== MATERIALS PROVIDED
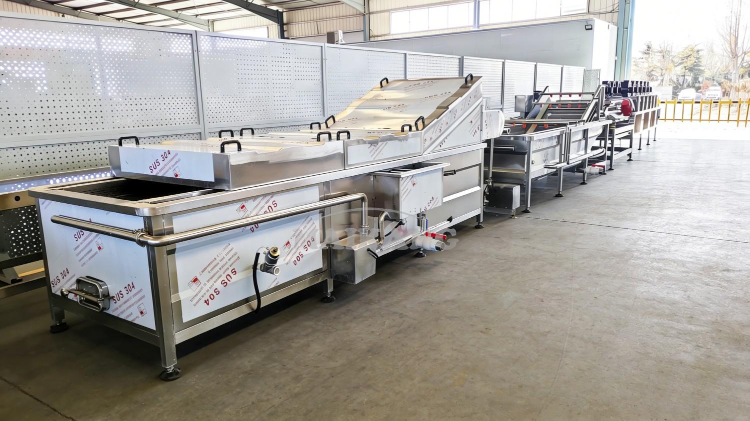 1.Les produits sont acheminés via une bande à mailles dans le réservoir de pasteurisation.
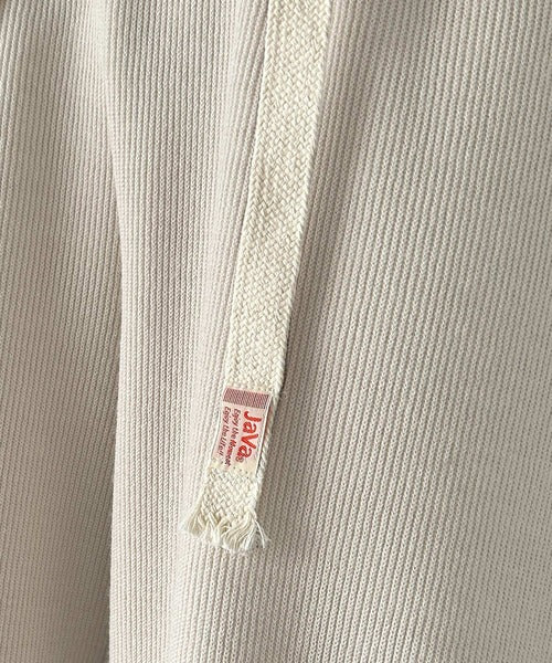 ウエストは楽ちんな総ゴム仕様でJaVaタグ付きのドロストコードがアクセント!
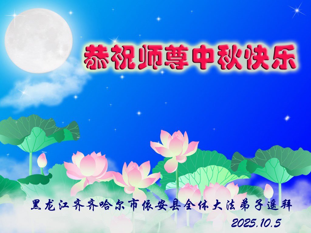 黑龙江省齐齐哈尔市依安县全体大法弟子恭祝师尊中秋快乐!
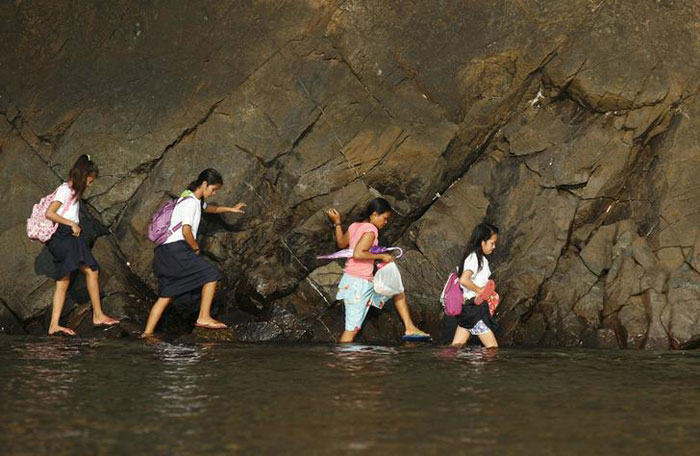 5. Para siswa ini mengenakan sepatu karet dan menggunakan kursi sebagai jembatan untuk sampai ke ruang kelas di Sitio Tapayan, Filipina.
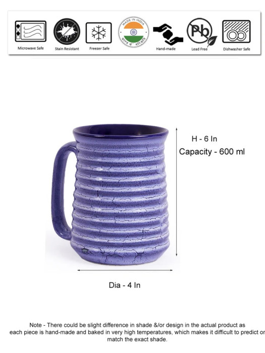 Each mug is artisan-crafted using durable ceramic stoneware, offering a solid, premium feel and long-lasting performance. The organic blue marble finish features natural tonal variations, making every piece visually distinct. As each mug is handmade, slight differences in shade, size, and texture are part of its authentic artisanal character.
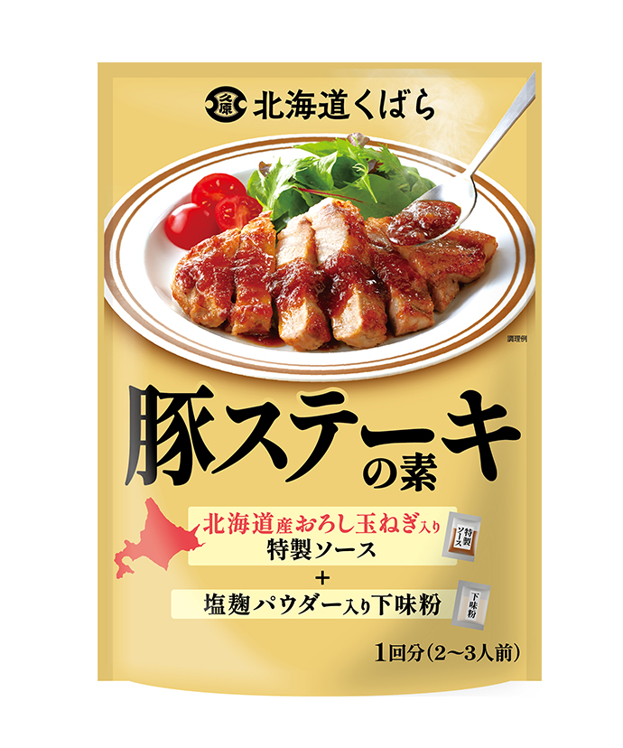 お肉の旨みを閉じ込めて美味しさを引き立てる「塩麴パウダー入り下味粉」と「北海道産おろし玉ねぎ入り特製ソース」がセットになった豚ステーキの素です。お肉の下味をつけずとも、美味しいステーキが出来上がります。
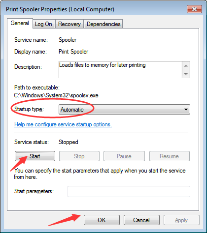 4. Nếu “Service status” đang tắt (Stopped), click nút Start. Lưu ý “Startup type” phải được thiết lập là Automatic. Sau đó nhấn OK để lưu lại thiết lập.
====
== PROBLEM TO SOLVE ==
Nothing but an exact repeat of the records, pictures excluded, belongs in the answer.

== WRITTEN RESPONSE ==
 1.Les produits sont acheminés via une bande à mailles dans le réservoir de pasteurisation.
 ウエストは楽ちんな総ゴム仕様でJaVaタグ付きのドロストコードがアクセント!
 黑龙江省齐齐哈尔市依安县全体大法弟子恭祝师尊中秋快乐!
 5. Para siswa ini mengenakan sepatu karet dan menggunakan kursi sebagai jembatan untuk sampai ke ruang kelas di Sitio Tapayan, Filipina.
 Each mug is artisan-crafted using durable ceramic stoneware, offering a solid, premium feel and long-lasting performance. The organic blue marble finish features natural tonal variations, making every piece visually distinct. As each mug is handmade, slight differences in shade, size, and texture are part of its authentic artisanal character.
 お肉の旨みを閉じ込めて美味しさを引き立てる「塩麴パウダー入り下味粉」と「北海道産おろし玉ねぎ入り特製ソース」がセットになった豚ステーキの素です。お肉の下味をつけずとも、美味しいステーキが出来上がります。
 4. Nếu “Service status” đang tắt (Stopped), click nút Start. Lưu ý “Startup type” phải được thiết lập là Automatic. Sau đó nhấn OK để lưu lại thiết lập.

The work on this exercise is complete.